On assassine notre sol

Chaque seconde, 26 m2 de terres fertiles se transforment en acier ou en béton, le reste étant empoisonné par l’agrochimie. Un terre grangerfléau bien plus grave que la crise, car si la France ne dispose plus d’un socle viable et durable, fondement de toute civilisation, alors les autres enjeux de société ne seront que chimères. Sauvons le droit du sol.

Voici un livre* que le président de la République, le Premier ministre, le gouvernement, les parlementaires, les chefs de parti, les leaders syndicaux et le patronat, les intellectuels et les philosophes, le corps enseignant, en somme tous les décideurs politiques, économiques et sociaux de ce pays, doivent lire d’urgence. Mais aussi les agriculteurs. Et bien sûr les citoyens un tant soit peu soucieux de leur avenir, pour comprendre que, si les choses continuent comme ça, alors là, oui, nous nous dirigeons tout droit vers le suicide français. Que se passe-t-il de si grave pour susciter une telle frayeur ? Citoyens, le sol de la France se meurt ! Oui, ce qui participe de l’essence de notre pays, le plancher des vaches, se disperse, se ventile, s’éparpille façon puzzle. L’homme qui révèle le scandale s’appelle Frédéric Denhez (on prononce « dan hé »). Un journaliste très renseigné, un brin philosophe, ultralucide quant au désastre qui nous attend si nous ne faisons rien pour sauver cette fine couche de terre sans laquelle il n’y aurait pas de vie sur Terre.

A force de rouler dessus, de le pomper, de le triturer, de le recouvrir de ciment et de ferraille, notre socle national est en train de dépérir. Nos grands lanceurs d’alerte, et nous ne parlons pas de fossoyeurs tels Minc ou Attali, apologistes d’une croissance mondialisée qui aggrave le phénomène, mais des Mélenchon, des Finkielkraut, voire un Plenel, un Zemmour ou un Besancenot, n’ont pas idée de l’ampleur de ce drame fondu dans la nébuleuse des dégâts environnementaux. Sans quoi ils s’en empareraient pour mobiliser les foules et les consciences. Au rythme auquel le mal progresse, à savoir 82 000 ha par an, la France pourrait se retrouver un jour sans terres fertiles, donc sans agriculture naturelle. Le compte à rebours a commencé.
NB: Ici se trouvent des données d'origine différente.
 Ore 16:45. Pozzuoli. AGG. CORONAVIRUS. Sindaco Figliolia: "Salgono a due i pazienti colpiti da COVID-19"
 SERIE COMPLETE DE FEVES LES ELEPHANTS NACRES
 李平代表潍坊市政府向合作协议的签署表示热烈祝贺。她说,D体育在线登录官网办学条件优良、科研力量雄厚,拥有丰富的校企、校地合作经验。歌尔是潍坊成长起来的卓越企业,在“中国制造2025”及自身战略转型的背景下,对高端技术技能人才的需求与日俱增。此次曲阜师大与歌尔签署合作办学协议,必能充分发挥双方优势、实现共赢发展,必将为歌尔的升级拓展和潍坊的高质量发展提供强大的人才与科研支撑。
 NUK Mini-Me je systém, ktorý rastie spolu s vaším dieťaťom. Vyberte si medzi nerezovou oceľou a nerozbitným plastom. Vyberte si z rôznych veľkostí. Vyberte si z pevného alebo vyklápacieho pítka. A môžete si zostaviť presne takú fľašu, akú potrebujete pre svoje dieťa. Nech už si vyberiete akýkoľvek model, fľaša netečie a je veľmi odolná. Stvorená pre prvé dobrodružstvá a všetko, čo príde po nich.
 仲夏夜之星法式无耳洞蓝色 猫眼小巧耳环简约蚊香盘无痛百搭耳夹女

Ce qu’il y a de plus alarmant dans ce que dénonce Frédéric Denhez, c’est que le sol est l’élément qui subit, en les catalysant, toutes les dérives, tous les excès et tous les abus de la civilisation.
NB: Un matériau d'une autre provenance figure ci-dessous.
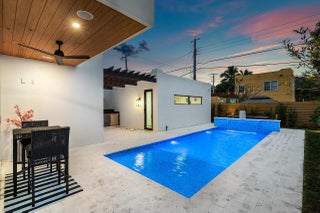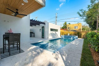 Discover unparalleled charm and sophistication in this brand-new Mission Revival home, ideally situated in the coveted College Park neighborhood of Lake Worth Beach. This architectural gem pays homage to the classic 1920s style while incorporating today's most sought-after modern amenities. From the moment you enter, you'll be greeted by soaring ceilings in the entryway that flood the space with natural light. The open-concept floor plan is anchored by a stunning chef's kitchen featuring top-of-the-line Thermador appliances, a quartz island, a pot filler, and a walk-in pantry with custom shelving. Perfect for entertaining or everyday living, the kitchen flows seamlessly into the great room and access the dining room via a butlers pantry.A versatile flex room on the main level can serve as a home office or playroom, complemented by a stylish half bath. Upstairs, three ensuite bedrooms ensure ultimate comfort and privacy. The primary suite, located at the back of the home, overlooks the serene backyard and pool with a Juliet balcony, featuring a generous walk-in closet, a luxurious bathroom with dual sinks, and a walk-in shower. Just off the primary bath, step onto the tiled rooftop terracea private retreat perfect for enjoying morning coffee, sunsets, or quiet relaxation under the stars. The secondary bedrooms mirror each other in layout and design, offering ample closet space and luxury ensuite bathrooms. Modern touches include a Control 4 home automation system, impact-resistant windows, recessed lighting, and more. Step outside to your personal oasis, complete with a 27' x 10' pool featuring a sun shelf, travertine pool deck, and a covered patio wired for outdoor entertainment. The fully fenced backyard, framed by lush landscaping, ensures privacy and tranquility. A two-car garage, energy-efficient features, and close proximity to vibrant Lake Worth Beach make this home an extraordinary opportunity. Combining timeless design with contemporary convenience, this home is truly one-of-a-kind.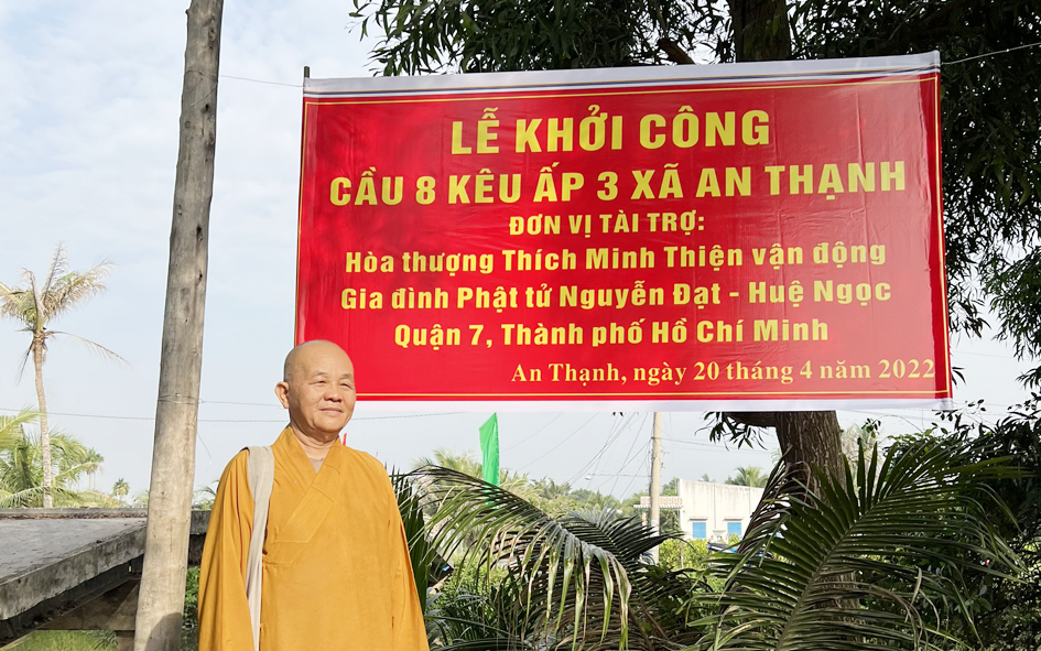 Cây cầu với chiều dài 25m, ngang 3.5m với tổng kinh phí là 280 triệu, do HT. Thích Minh Thiện vận động Gia Đình Phật Tử Nguyên Đạt – Huệ Ngọc quận 7 -Tp. Hồ Chí Minh tài trợ. Đây là Công Trình Chào Mừng Đại Hội Đại Niểu Phật Giáo Tỉnh Long An Nhiệm Kì( 2022-2027). Phát biểu tại buổi lễ HT. Thích Minh Thiện tri ân nhà tài trợ đã đồng hành hỗ trợ địa phương và tri ân Chính Quyền xã An Thạnh đã tạo duyên để Phật giáo có chương trình Phật sự nơi này. Hòa thượng chúc sức khỏe quý lãnh đạo chính quyền địa phương, các Phật tử mạnh thường quân và chúc công trình sớm thành tựu và đưa vào sử dụng.

Depuis la nuit des temps, c’est toujours lui qui paye la facture. La surpopulation, c’est lui qui en est la première victime, la surproduction, la pollution, la surconsommation aussi, l’urbanisme sauvage et galopant aussi, l’extension des centres de loisirs ou commerciaux aussi, les parkings, les gares, les aéroports aussi. Chaque fois que l’homme a besoin de s’étendre, de se développer, de gagner de la place, d’augmenter son expansion, conséquences imparables d’une logique économique basée sur la croissance, c’est sur le sol qu’il le prend. Et la machine à broyer ne s’arrête jamais. Faute de pouvoir aller sur mer, ou si peu, ou dans l’espace, pas encore, c’est donc sur la terre cultivable que progresse cette conquête. D’où la terrible formule que Frédéric Denhez affiche en couverture de son livre : « En France, 26 m2 de terres fertiles disparaissent chaque seconde. » Mais ce n’est pas tout, car pour satisfaire les besoins marchands du productivisme, on sature la terre de produits nécessaires à la surproduction puisque sa régénérescence naturelle ne suffit plus à satisfaire la demande. Cela signifie quoi ? Cela signifie qu’à défaut d’avoir totalement disparu, l’agriculture française sera soit remplacée par des usines à bouffe alimentées par des produits importés de l’étranger, soit intégralement hors sol.

Une horloge naturelle

Comment en est-on arrivé là ? Depuis la nuit des temps, l’homme exploite son sol, puis son sous-sol. Pour le premier, la survie ; pour le second, la richesse, puis l’énergie. Croit-on que ces ressources sont intarissables ? On sait épargner l’eau et l’air, par la technologie, mais l’on n’a jamais pensé à économiser la terre, au contraire. Pour entrer dans le vif du sujet, et bousculer un premier dogme, le premier ennemi de la terre, c’est la charrue. Pas le soc des Gaulois ou des paysans d’autrefois, qui rayait à peine le sol (et encore, les fermiers du Middle West américain ont désertifié des vallées entières au XIXe siècle en labourant leurs terres à outrance), mais celui des tracteurs, puis des gros tracteurs, puis des très gros tracteurs, qui ravagent la terre en profondeur, détruisant inéluctablement, passage après passage, ce fantastique univers souterrain qui fait qu’un champ ou une prairie, rationnellement sollicités, vont pouvoir nourrir des générations entières. Faites passer une fois, dix fois, cent fois, mille fois une lame de métal dans cette galaxie organique et vous finissez par broyer les filaments qui permettent à cette merveilleuse horloge naturelle de donner l’heure. Quand la charrue du rendement industriel a tout massacré, on la remplace par une charrue en molécules.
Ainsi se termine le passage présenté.